今までは、他の犯罪も疑われている魔女だけを始末してきた……
どうして、俺がこんなものと向き合わなければならない?
くそ……)
若い女性は、フェンストラが震えるのを見ていた。
濡れた目を瞬かせながら、これ以上何も言えずにいた。
フェンストラはさらに拳を握り、眉をひそめた。
(どうした、フェンストラ?
今まで殺してきた連中が、本当に他の罪を犯していたと、誰が保証できる?
もし……騙されていたとしたら?
その場合、なぜ俺は彼女を見逃す必要がある?
もしこの女が嘘をついていたら?
裏で、恐ろしいことをしているとしたら?
くそ……
くそ……
フェンストラ……)
彼は顔を上げ、女の目を真っ直ぐに見つめた。
(くそ……
死を望む敵よりも、この視線の方が耐え難い……
あまりにも……
真実味がありすぎる……)
「魔法を使っているのに……他の使い手を殺すのか?」
アナトリーの言葉が、雷のように彼の脳裏に蘇った。
そして、若い女性が再び口を開いた。
「お願いします……
娘に、もう一度会いたいんです……」
「……分かった!」
フェンストラはスカーフから顔を上げ、手で顔をなぞった。
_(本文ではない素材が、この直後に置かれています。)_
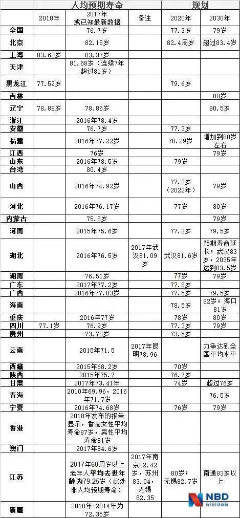 那么,我国的人均预期寿命是个什么状况?哪些地区的居民相对更为长寿?每日经济新闻记者梳理了近年来全国34个省级行政区的相关数据后发现,
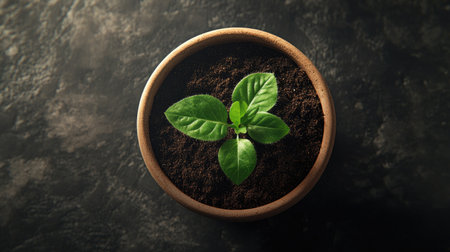 A vibrant green plant emerges from rich soil in a terracotta pot, symbolizing growth and vitality. Ideal for themes of nature and gardening.

苛立ったように息を吐く。
(たった一度くらい、任務を放り出してもいいだろ……
別の雇い主を探せばいいだけだ)
「まずは引っ越すことを勧める。
君は通報されたから、俺はここに来た。
金なら持っている。渡そう。
ここを出るには十分な額だ」
「ほ……本当に?」
女の瞳に、かすかな光が宿った。
「ああ。
君が娘に会えるよう、手助けする。
もう二度と魔法には手を出すな」
「信じられない……
本当なの……?」
「ああ、約束する。
そうだ、俺はフェンストラだ。
君は?
名前は何という?」
若い女は、生き返ったかのようだった。
椅子から立ち上がる。
「私は、ア――」
銃声が響いた。
女の頭が後ろへ弾かれた。
血しぶきが飛び散った。
「……え?」
フェンストラの口から漏れたのは、ただその一言だけだった。